Dataclasses and mutable defaults
Posted on Tue 14 January 2020 in programming
One common Python gotcha is the use of mutable objects as defaults for function keyword arguments. There are approximately one billion questions on SO about this or nice discussions elsewhere. I came across a nice feature in Python's dataclasses library that addresses a similar problem.
Mutable defaults are bad
As a reminder, in this example, every invocation of foo without a parameter for d
provided by the caller would modify the same default dictionary (equivalent to the second
example).
# this...
def foo(d={}):
...
# is equivalent to this
default = {} # this is a global object!
def foo(d=default):
...
You always want to instead use a value like None
and check in the function or method body
whether a default needs to be supplied, and document the function's behavior accordingly as
it cannot be inferred from the type signatures.
# better
def foo(d=None):
"""Does foo
Args:
d (dict): some parameter. Defaults to {}.
"""
if d is None:
d = {}
...
Named tuples
A similar gotcha is using mutable defaults for named tuples.

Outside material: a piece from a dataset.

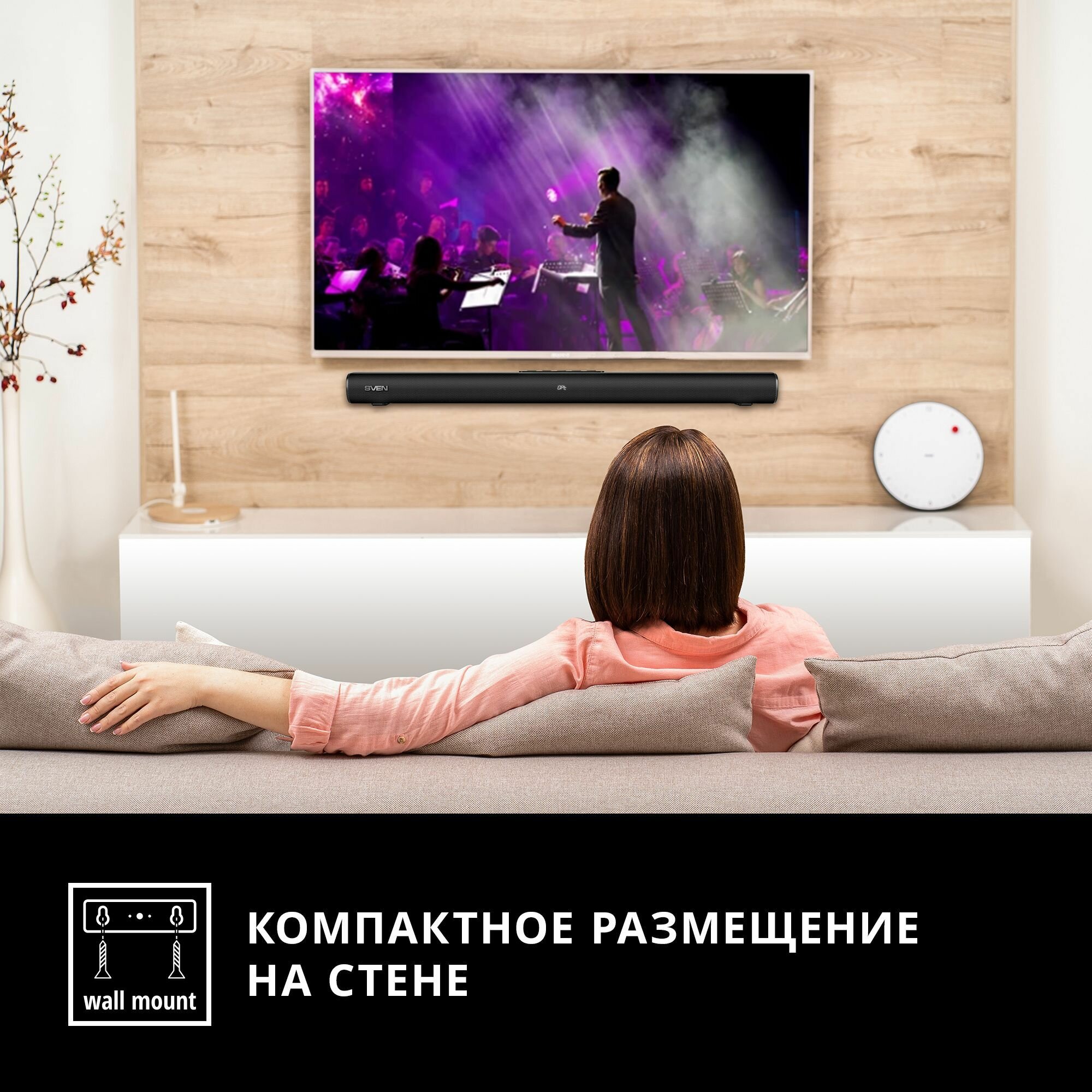 Подключение и подготовка комплекта к работе сделаны максимально легкими и простыми, а количество кабелей сведено к минимуму – даже сабвуфер подключается к головному устройству без проводов, что позволяет установить его более эффективно и лучше вписать в интерьер. Сам саундбар можно положить на полку или закрепить на стене с помощью специально предусмотренных креплений.

from typing import NamedTuple
class Foo(NamedTuple):
d: dict = {} # no
Again, every instance of Foo
that uses the default value will share a reference to a
single underlying object. Instead, set the default to None
and require consumers to check
whether d is None
.
Dataclasses
Dataclasses are like named tuples, but better in every way. One feature I recently discovered is the ability to use a default factory to avoid this issue.
from dataclasses import dataclass, field
@dataclass
class Foo:
d: dict = field(default_factory=dict)
With this paradigm, every time a default needs to be supplied for d
, the factory function
will be called, creating a new dictionary object each time and side-stepping the gotcha.
Additionally, consumers of Foo
can always assume that d
is a dict and simplify their
code accordingly.